Got off early yesterday and ran hometo bottle some small batches to clear the cabinet. I filtered all of these starting from the lightest color to the darkest. I had never used the filter for more than one batch at a time, but I'm pleased with the results. I don't get to fancy with making sure the bottles are all the same on these test batches.









From the left is 6 bottles of Peach Port, next is 4 bottles of Joe M's Ancient Orange, the dark bottles are 5 each Cherry Melomel, and the last is 7 bottles of standard Mead. 


Now I've got to make some labels



. Not my favorite task!


----------



## Wade E (Nov 4, 2006)

Nice job there, I never worry about what kind of bottle there in as long as I have enough bottles for them.


----------



## pkcook (Nov 4, 2006)

These bottles were on the top so that is what I used. I really like the bottles on the left. They are mead bottles with flowers molded into the bottle. Pretty cool!


----------



## Wade E (Nov 4, 2006)

I' created labels on my computer for just about evert wine I've
made(most of them are already gone) but have never printed any yet, nor
have I printed any yet or even bought label paper. One of these days
I'm going to at least print one of those puppies out and stick it on a
bottle.


----------



## pkcook (Nov 4, 2006)

These are the first "naked" bottles of wine I have made. I usually have the labels made printed and cut waiting on the wine to finish, but I've been preoccupied here lately with work and retirement preparations.


----------



## pkcook (Nov 4, 2006)

Forgive me for posting so many photos. I just opened the first bottle of Cranberry wine I made last year in celebration of a University of Kentucky Football victory over Georgia!



I can't remember the last time UK beat Georgia in football! 


If you didn't know it, you would think it was a red grape table wine. Very clear and crisp and the color is very nice. I'll definately be looking for the whole cranberries on sale again this year!


----------



## Waldo (Nov 4, 2006)

And I'll definately be looking forward to Thanksgiving


----------



## pkcook (Nov 4, 2006)

Waldo,


The second row in the photo is the Waldo row!

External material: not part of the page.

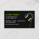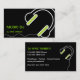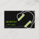 MusikDJ-visitkortar med djärv grönt på sidodesignen för svart två, som inkluderar en kall uppsättning av diskjockeyhörlurar, text kan planlägger du personifiera online och att stativ ut för ett underbart första intryck. Designat för någon diskjockey, deen jay servar, eller mobil underhållning.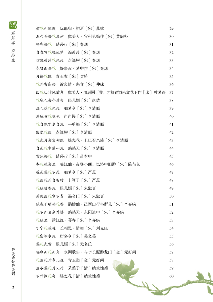 《绝美古诗绝美词:词中之花(楷书)》是时代文艺出版社联合有名书法家田雪松老师共同打造的一本国学硬笔书法习字字帖。作者精心编选带有“花”的优美词句,参考《唐宋词鉴赏辞典》《元明清词鉴赏辞典》《全宋词》等,力求内容真实准确,并由田雪松老师亲自书写汉字。内容丰富且深富意境,版式编排精美、新颖。田雪松老师温润灵秀的书法汉字与古诗中撷取的富有“花”之神韵的词句结合,让人看起来赏心悦目,学起来容易掌握,更能于深远意蕴中习练书法,真是妙不可言。

You have a dedicated shelf, at least till the new year!


----------



## Waldo (Nov 4, 2006)

Dang......Gotta see about getting that second row filled


----------



## Wade E (Nov 4, 2006)

I hope my Vintners Harvest Cranberry comes out nearly as good as yours. Mine looks more like a pink lemonade.


----------



## NorthernWinos (Nov 4, 2006)

That Cranberry wine looks awfully tempting....will also be looking for Cranberries in the next few weeks.

We have some High Bush Cranberries planted in a wildlife shelter belt of trees and bushes....I tasted some this fall....they smelled like dirty feet....Don't think they are the same as the ones in the store...



But you never know what wine might be like out of them...


----------



## pkcook (Nov 4, 2006)

If you had asked me when I started this wine if it would be any good, I'd have told you, "not a chance!" It just wasn't what Ithought would make a good wine.


The wine could use another year to be prime, but very good right now!


NW,


I found my Oceanspray whole cranberries onsale at Aldi for about a buck for a 12oz package. I ended up using 3 packages for a gallon.


----------



## bmorosco (Nov 6, 2006)

They all look great ...I can't wait until I advance a little bit and dare to make my own wine not from a kit...


----------



## pkcook (Nov 6, 2006)

Thanks bm,


I have receivedmore pleasure from makingcountry wines than any of my kits. Don't get me wrong, I love grape wine and probably prefer them over country wines, but making them isn't as fun. Neither is difficult though!


----------



## smurfe (Nov 6, 2006)

wadewade said:


> I hope my Vintners Harvest Cranberry comes out nearly as good as yours. Mine looks more like a pink lemonade.




Wade, did you make a 3 gallon or 5 gallon batch of Vintners Harvest? I have been wanting to try them but have heard they are a little "thin". I have heard as well they are better as a 3 gallon batch or use 2 cans for a 6 gallon batch. Anyone have any input on this? I would like to try the blueberry since my local source for blueberries no longer exists.


Smurfe


----------



## Wade E (Nov 6, 2006)

I actually strethed the Black currant out to a 6 gallon batch and you
can ask Waldo how it was. He immediatly bought some and has a batch
fermenting right now. Look under the post (what the heck is Black
Currant from last week. I currently have another batch of that going
and a batch of the cranberry going as well. The black currant is in no
way thin. As for the others, the cranberry smelled pretty strong out of
the can but the Marionberry was very week and I accidently overdosed
dosed it with sulfite the first time I used powdered k-meta OOps


----------